┌──

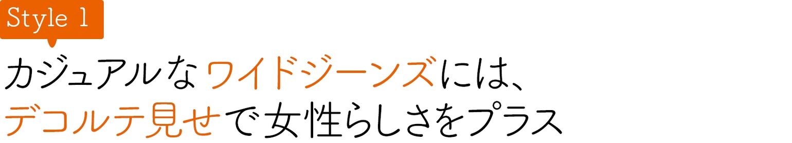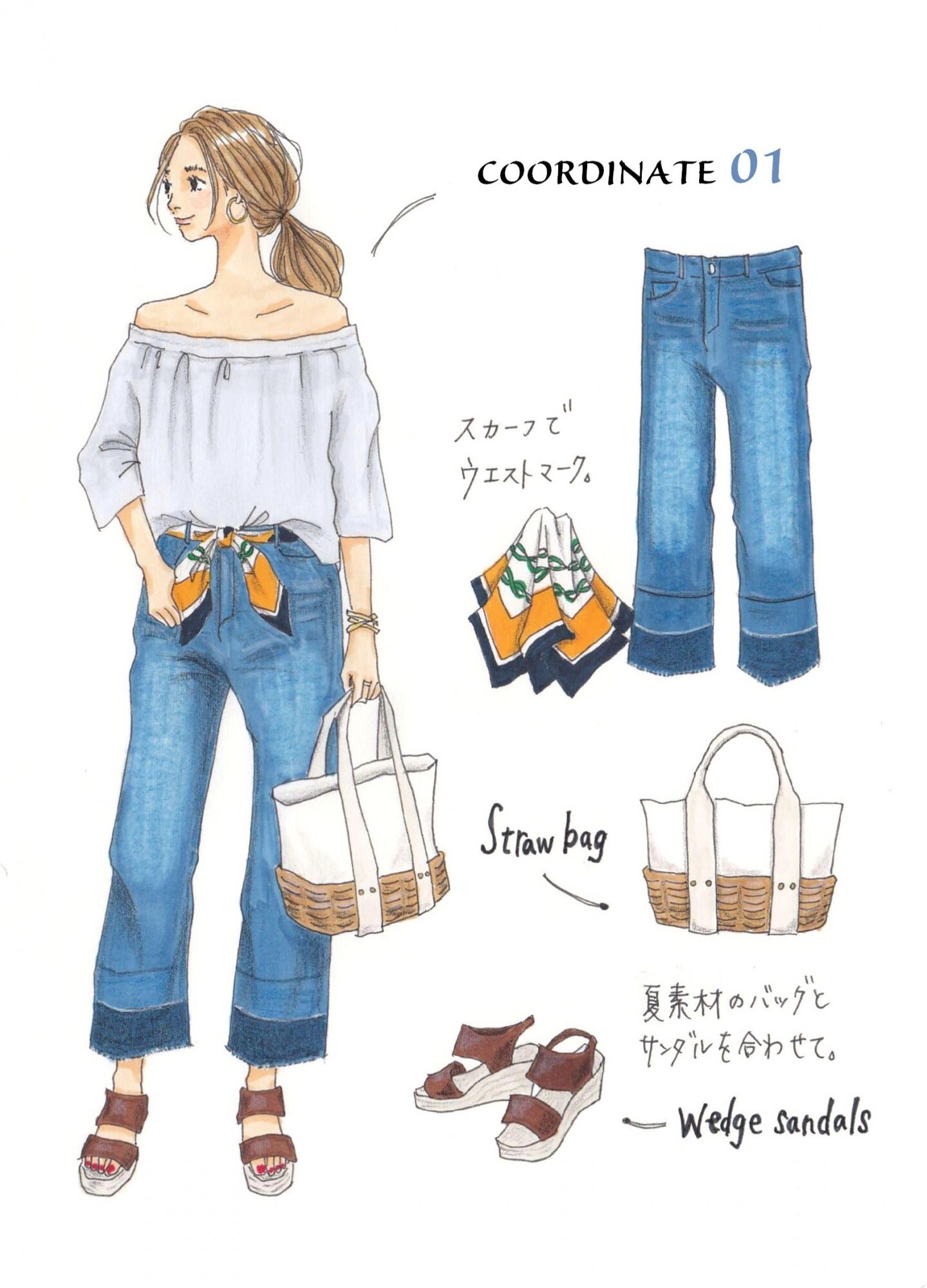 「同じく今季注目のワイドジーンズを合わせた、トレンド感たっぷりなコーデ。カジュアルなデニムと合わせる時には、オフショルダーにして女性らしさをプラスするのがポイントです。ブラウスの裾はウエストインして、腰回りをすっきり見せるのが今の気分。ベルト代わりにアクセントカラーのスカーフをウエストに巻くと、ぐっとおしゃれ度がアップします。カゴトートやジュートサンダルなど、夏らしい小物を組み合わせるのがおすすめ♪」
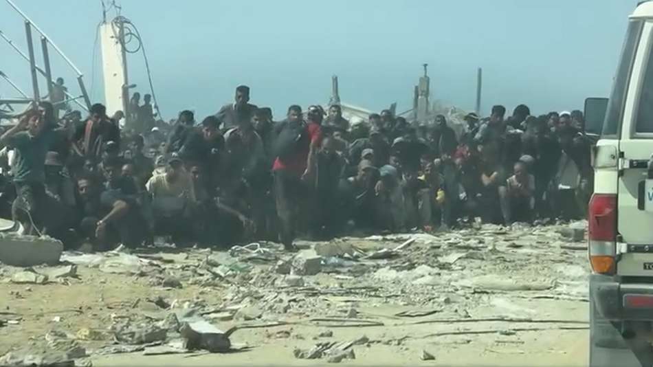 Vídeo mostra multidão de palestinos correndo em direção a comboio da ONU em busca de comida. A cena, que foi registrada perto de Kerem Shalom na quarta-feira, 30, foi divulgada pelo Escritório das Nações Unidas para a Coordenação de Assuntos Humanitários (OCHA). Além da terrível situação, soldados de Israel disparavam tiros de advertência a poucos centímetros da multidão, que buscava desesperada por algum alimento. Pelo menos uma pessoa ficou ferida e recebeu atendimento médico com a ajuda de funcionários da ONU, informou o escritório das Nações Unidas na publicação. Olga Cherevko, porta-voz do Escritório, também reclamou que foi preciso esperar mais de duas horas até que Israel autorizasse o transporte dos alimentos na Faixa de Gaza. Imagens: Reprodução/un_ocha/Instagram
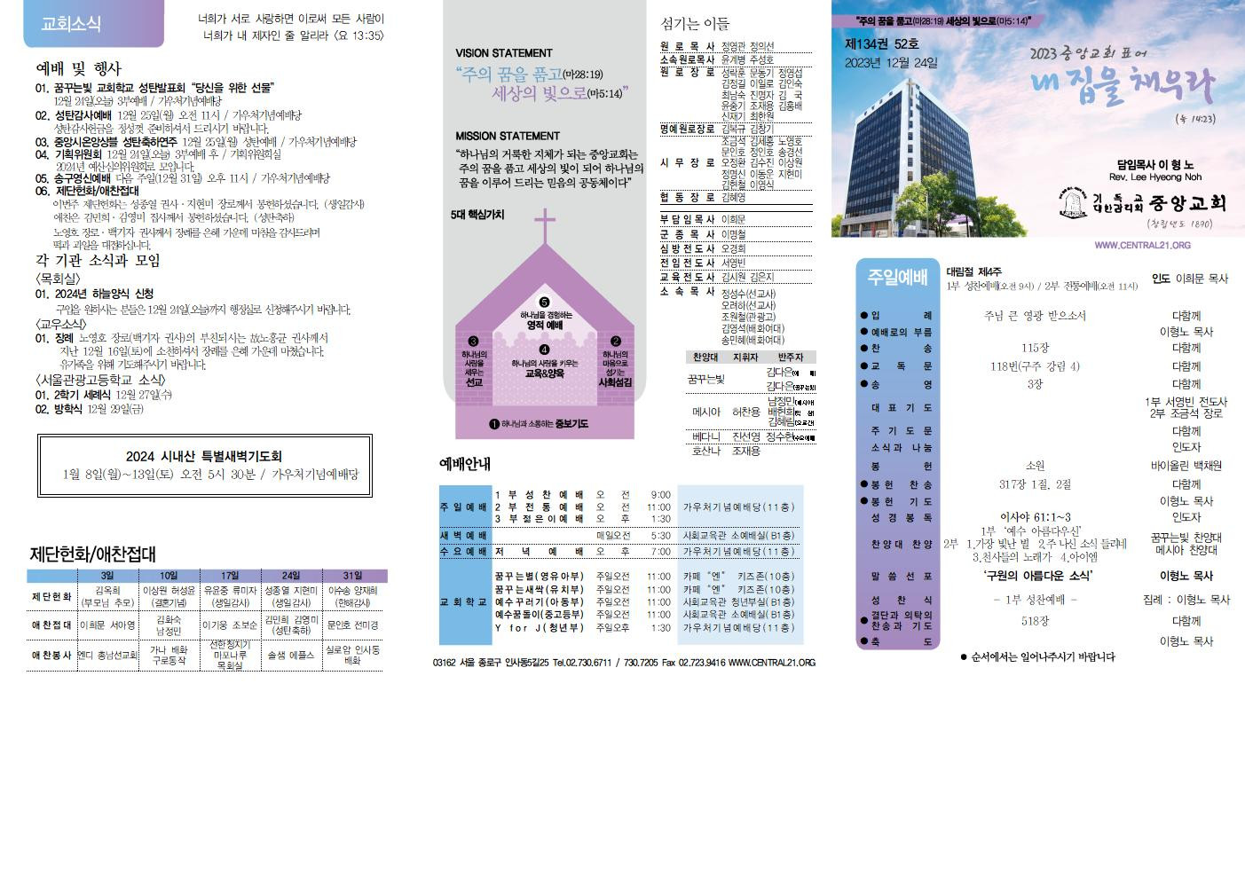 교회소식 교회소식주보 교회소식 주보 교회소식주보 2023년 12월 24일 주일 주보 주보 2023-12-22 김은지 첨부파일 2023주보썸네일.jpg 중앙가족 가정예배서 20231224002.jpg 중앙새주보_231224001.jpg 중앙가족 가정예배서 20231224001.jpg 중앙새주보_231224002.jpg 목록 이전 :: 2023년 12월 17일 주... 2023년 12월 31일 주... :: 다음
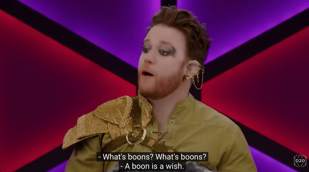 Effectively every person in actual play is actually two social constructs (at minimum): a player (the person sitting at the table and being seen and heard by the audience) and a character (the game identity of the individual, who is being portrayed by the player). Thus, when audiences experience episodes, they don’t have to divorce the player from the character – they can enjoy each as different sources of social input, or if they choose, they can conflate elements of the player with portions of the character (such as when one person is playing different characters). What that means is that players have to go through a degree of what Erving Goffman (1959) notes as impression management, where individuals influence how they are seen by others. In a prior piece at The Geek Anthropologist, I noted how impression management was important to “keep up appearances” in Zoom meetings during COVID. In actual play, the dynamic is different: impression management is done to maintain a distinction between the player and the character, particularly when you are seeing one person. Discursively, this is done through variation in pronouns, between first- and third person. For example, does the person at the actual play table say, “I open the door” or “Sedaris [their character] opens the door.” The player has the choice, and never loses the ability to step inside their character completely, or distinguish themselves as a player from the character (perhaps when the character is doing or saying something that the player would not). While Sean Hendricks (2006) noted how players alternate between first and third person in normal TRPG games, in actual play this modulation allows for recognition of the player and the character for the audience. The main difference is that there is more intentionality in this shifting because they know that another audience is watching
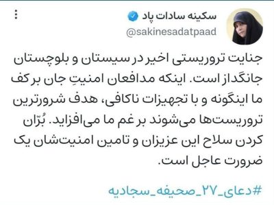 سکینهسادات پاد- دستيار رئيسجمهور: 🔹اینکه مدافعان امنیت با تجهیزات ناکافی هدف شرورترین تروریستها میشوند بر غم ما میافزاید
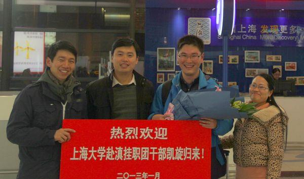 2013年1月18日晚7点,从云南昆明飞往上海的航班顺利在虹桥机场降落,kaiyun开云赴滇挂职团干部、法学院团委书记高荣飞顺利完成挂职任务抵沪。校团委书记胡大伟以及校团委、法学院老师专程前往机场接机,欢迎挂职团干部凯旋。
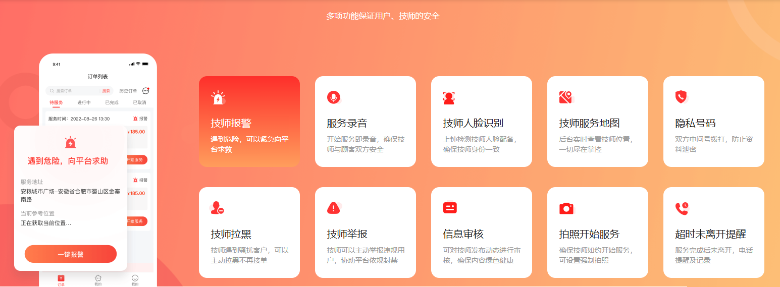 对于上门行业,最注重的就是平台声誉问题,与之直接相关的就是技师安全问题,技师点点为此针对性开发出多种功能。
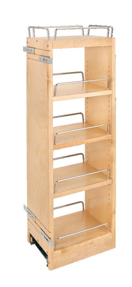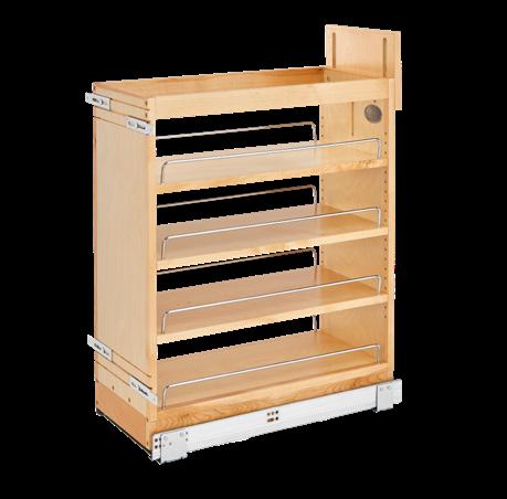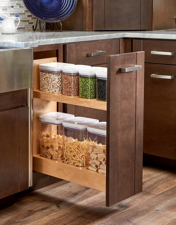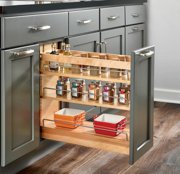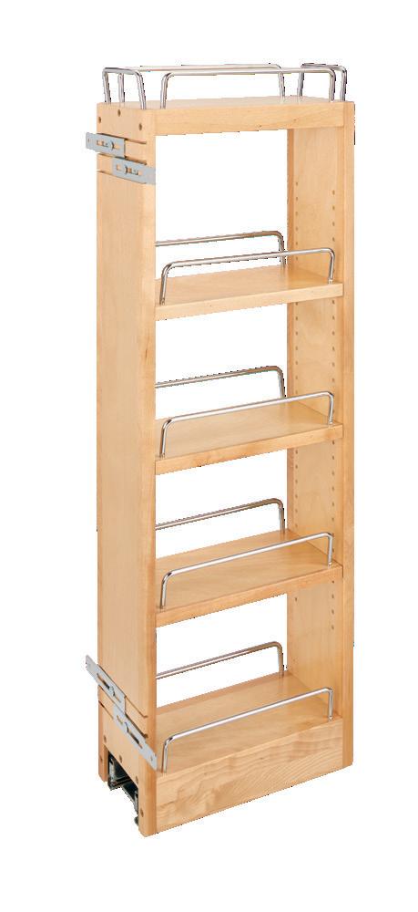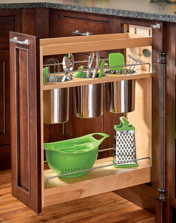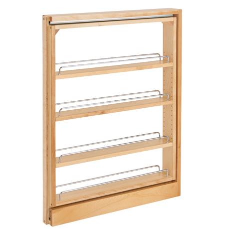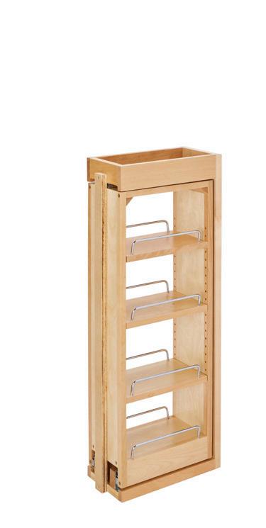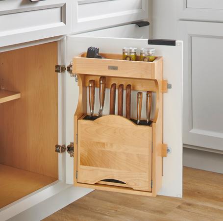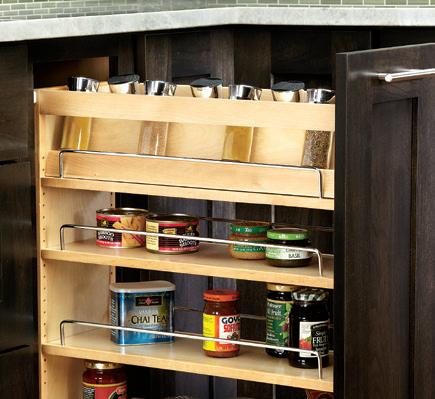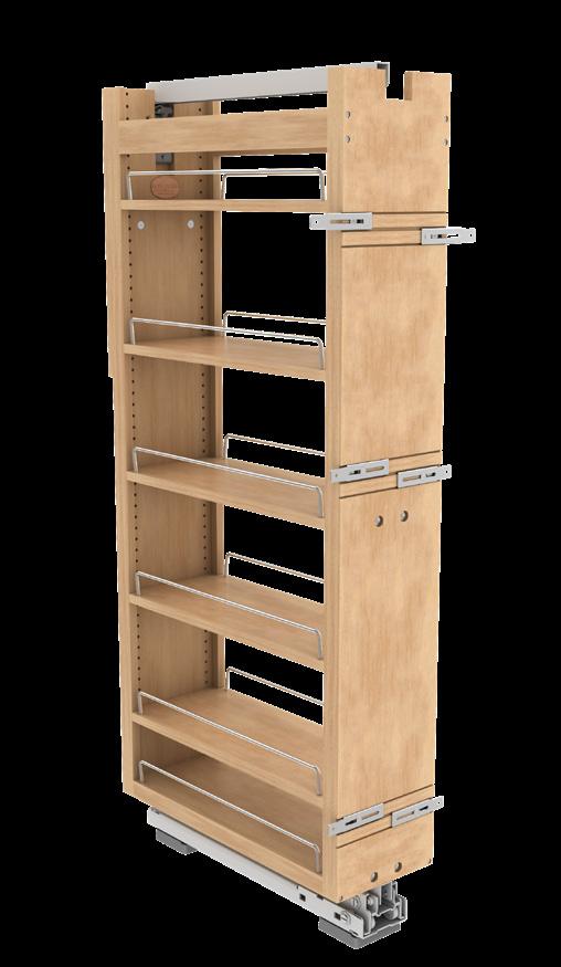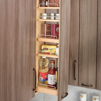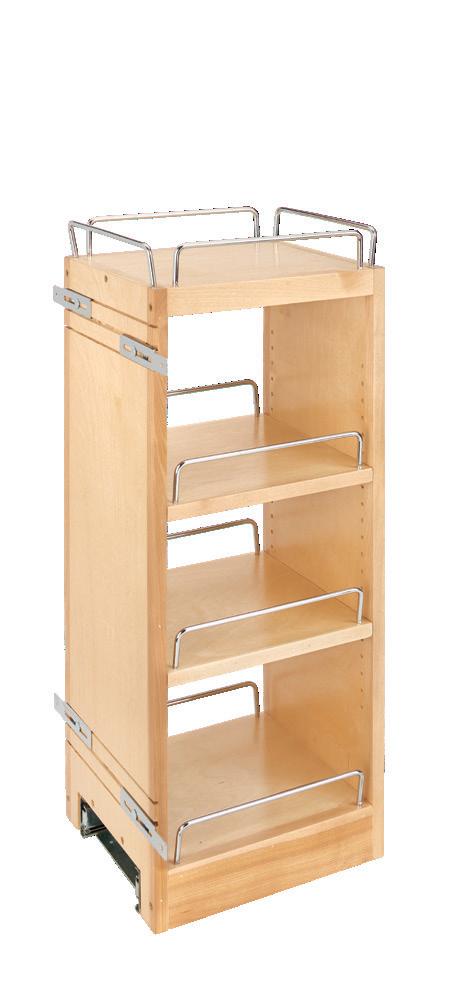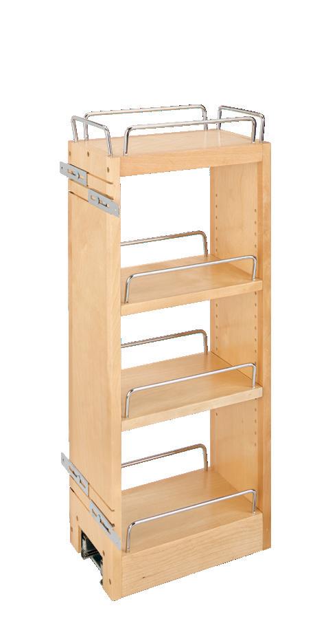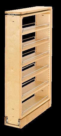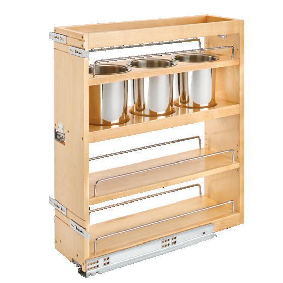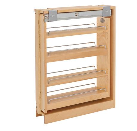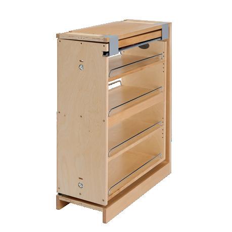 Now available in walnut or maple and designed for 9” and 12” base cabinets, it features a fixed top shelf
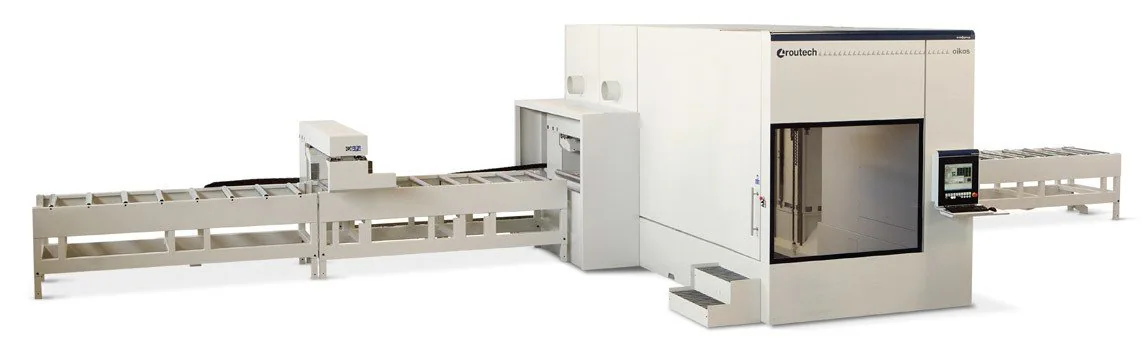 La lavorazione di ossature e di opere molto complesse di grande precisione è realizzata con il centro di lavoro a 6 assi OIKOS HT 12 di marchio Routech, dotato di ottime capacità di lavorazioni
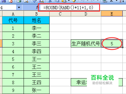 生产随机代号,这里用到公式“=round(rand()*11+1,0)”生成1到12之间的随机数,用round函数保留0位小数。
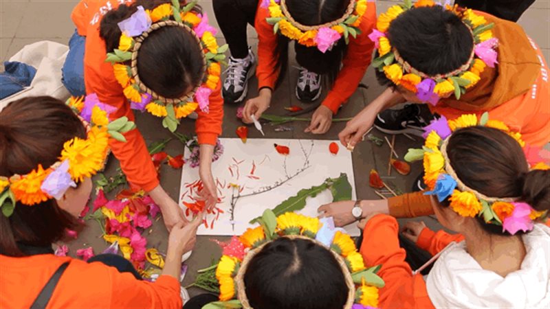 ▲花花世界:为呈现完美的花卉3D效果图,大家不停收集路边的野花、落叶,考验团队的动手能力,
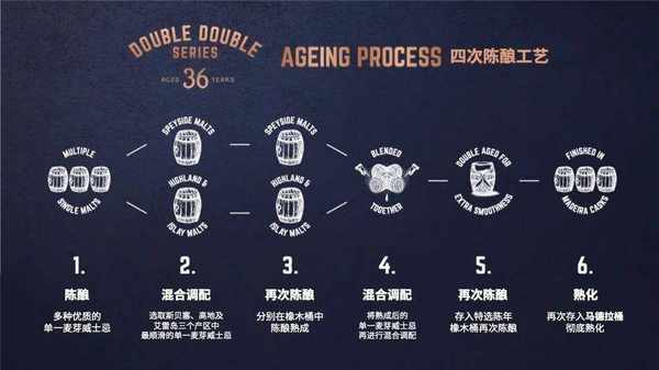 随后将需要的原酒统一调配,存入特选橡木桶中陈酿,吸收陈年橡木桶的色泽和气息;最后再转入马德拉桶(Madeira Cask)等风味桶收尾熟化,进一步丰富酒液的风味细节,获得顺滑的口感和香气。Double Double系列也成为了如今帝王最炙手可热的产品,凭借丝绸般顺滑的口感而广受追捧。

└──

- _Problem to work on_
No pictures go in the copy. Output exactly the lines from the line containing "La lavorazione di" through the end of the listing above.

- _Written response_
 La lavorazione di ossature e di opere molto complesse di grande precisione è realizzata con il centro di lavoro a 6 assi OIKOS HT 12 di marchio Routech, dotato di ottime capacità di lavorazioni
 生产随机代号,这里用到公式“=round(rand()*11+1,0)”生成1到12之间的随机数,用round函数保留0位小数。
 ▲花花世界:为呈现完美的花卉3D效果图,大家不停收集路边的野花、落叶,考验团队的动手能力,
 随后将需要的原酒统一调配,存入特选橡木桶中陈酿,吸收陈年橡木桶的色泽和气息;最后再转入马德拉桶(Madeira Cask)等风味桶收尾熟化,进一步丰富酒液的风味细节,获得顺滑的口感和香气。Double Double系列也成为了如今帝王最炙手可热的产品,凭借丝绸般顺滑的口感而广受追捧。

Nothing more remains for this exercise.